Specialty Grand Challenge ARTICLE

Front. Chem., 22 April 2016 |

Whither Enzymology in the Twenty First Century?

  • Departments of Chemistry and Biological Chemistry, University of Michigan, Ann Arbor, MI, USA


This “grand challenge” article marks the creation of a new specialty section shared between Frontiers in Chemistry and Frontiers in Molecular Biology that is dedicated to enzymology and protein chemistry. My aim in this article is to provide a personal perspective on the challenges and opportunities for field of enzymology and the directions in which it could and should move in the coming years. I hope this will challenge the reader to think more deeply about this discipline and its broader impact on science. But before gazing into the future, it is worthwhile briefly reviewing how our field has evolved until now, as it is this perspective that frames our outlook.

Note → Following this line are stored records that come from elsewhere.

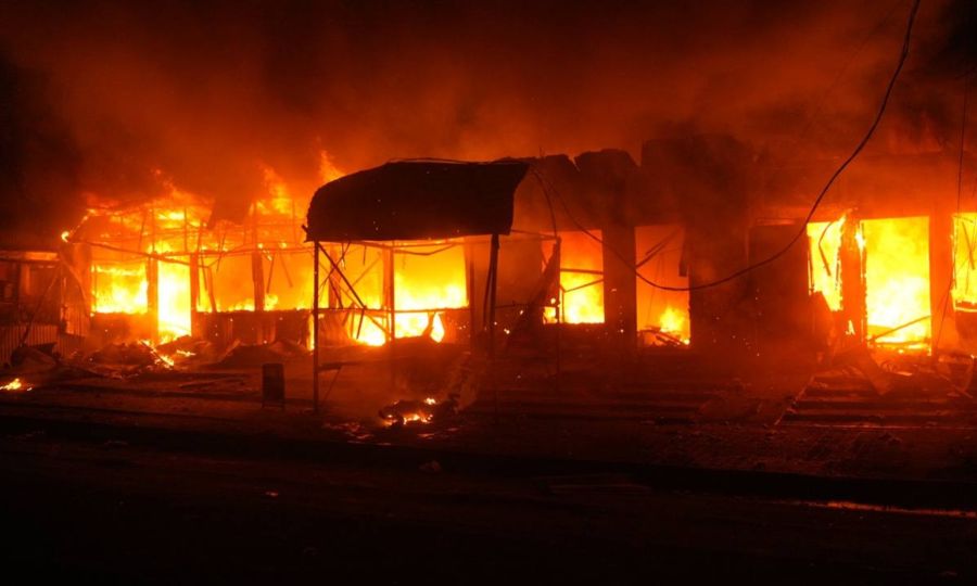 Σε φωτογραφικό υλικό που μεταφόρτωσε ο περιφερειάρχης διακρίνονται κτίρια τυλιγμένα στις φλόγες και δρόμοι γεμάτοι συντρίμμια
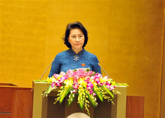 (VOVworld)- 在越南第十四届国会第一次会议7月21日下午的会议上,第十三届国会主席阮氏金银代表第十三届国会常委会做关于选举国会主席、副主席和常委会委员人事方案的国会代表团讨论结果和国会代表意见说明采纳报告。
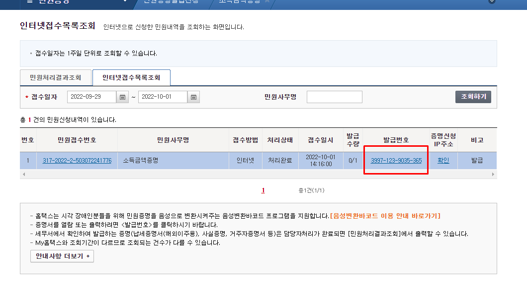 소득금액증명원 발급 기간
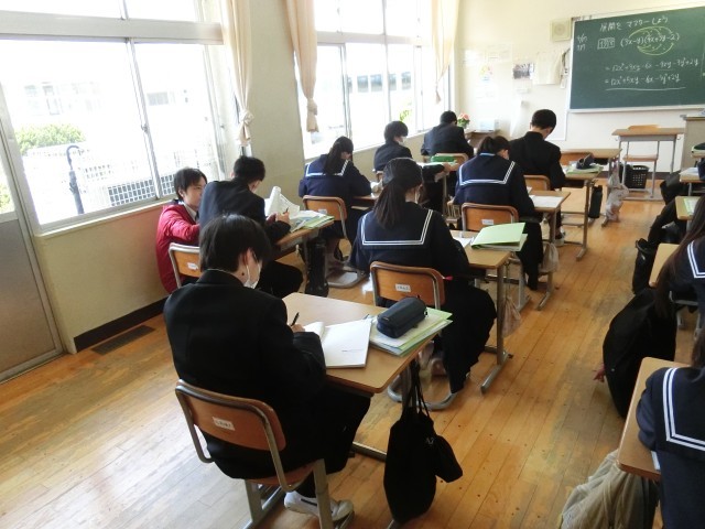 3Bは数学の授業で式の展開を学習しています。もくもくとワークを学習していました。教員2人体制で授業に取り組んでいます。
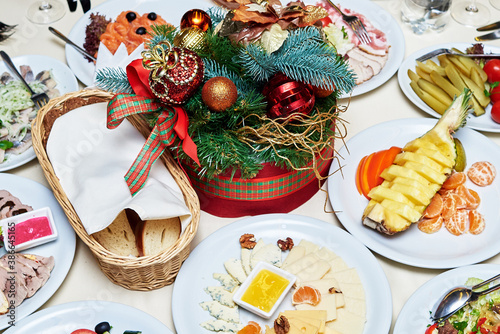 Table setting at Christmas party, copy space. Place setting. Table served for New year banquet in restaurant
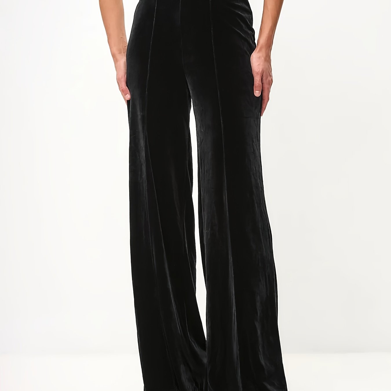 TEMU 여성용 우아한 벨벳 하이웨이스트 와이드 레그 팬츠 | 부드러운 스트레치 원단, 캐주얼하고 편안함, 모든 계절에 적합
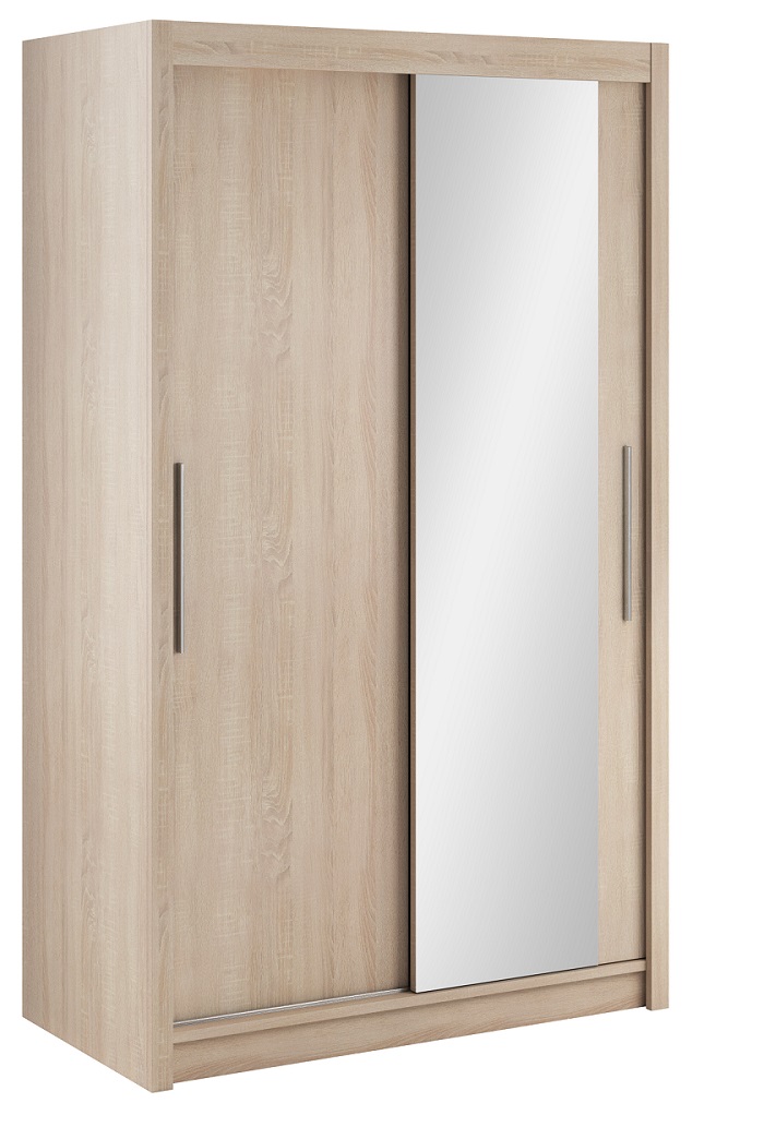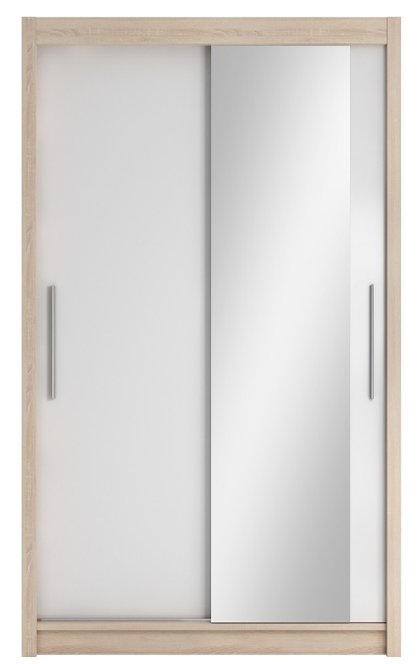 Szafa z drzwiami przesuwnymi Verona to doskonały wybór do garderoby, przedpokoju, salonu czy sypialni. Kolor frontów i korpusu sprawiają, że wpasuje się w większość aranżacji. Jej wnętrze jest pojemne i pomieści zarówno ubrania jak i inne akcesoria. Szafa jest 2-drzwiowa. Dodatkowym atutem jest lustro, które powiększy optycznie pomieszczenie.

Whither Enzymology? was the title of a symposium held in 1990 to honor the late Jeremy Knowles on the occasion of his Sixtieth birthday (Raines, 2008). Knowles was in the vanguard of a pioneering group of enzymologists who first employed the tools of physical organic chemistry to study enzyme reactions. In the 1970's his group was the first to determine the full set of elementary rate constants defining the free energy profile for an enzyme-catalyzed reaction—that of triose phosphate isomerase (Albery and Knowles, 1976). This information, put together with the crystal structure for this enzyme, allowed us to understand enzyme catalysis with the kind of precision previously only possible for simple organic molecules. Subsequently, his lab was among the first to use site-specific mutagenesis to make precisely defined changes to enzyme active sites, which combined with detailed measurements of their effect on catalysis, allowed the relationships between enzyme structure and mechanism to be elucidated.

Studies such as these blew away the “fluffy clouds” obscuring the view of earlier generations of enzymologists, revealing enzymes to be exquisitely evolved, highly complex and incredibly efficient organic catalysts, but nevertheless subject to, and understood through, the basic principles of chemistry—in Knowles' words: “not different, just better” (Knowles, 1991). This view has shaped enzymology for the past 25 years, and by extension our view of cellular biology. It directly underpins the burgeoning discipline of synthetic biology, a field that involves tinkering with enzymes on a scale unimaginable in Knowles' era.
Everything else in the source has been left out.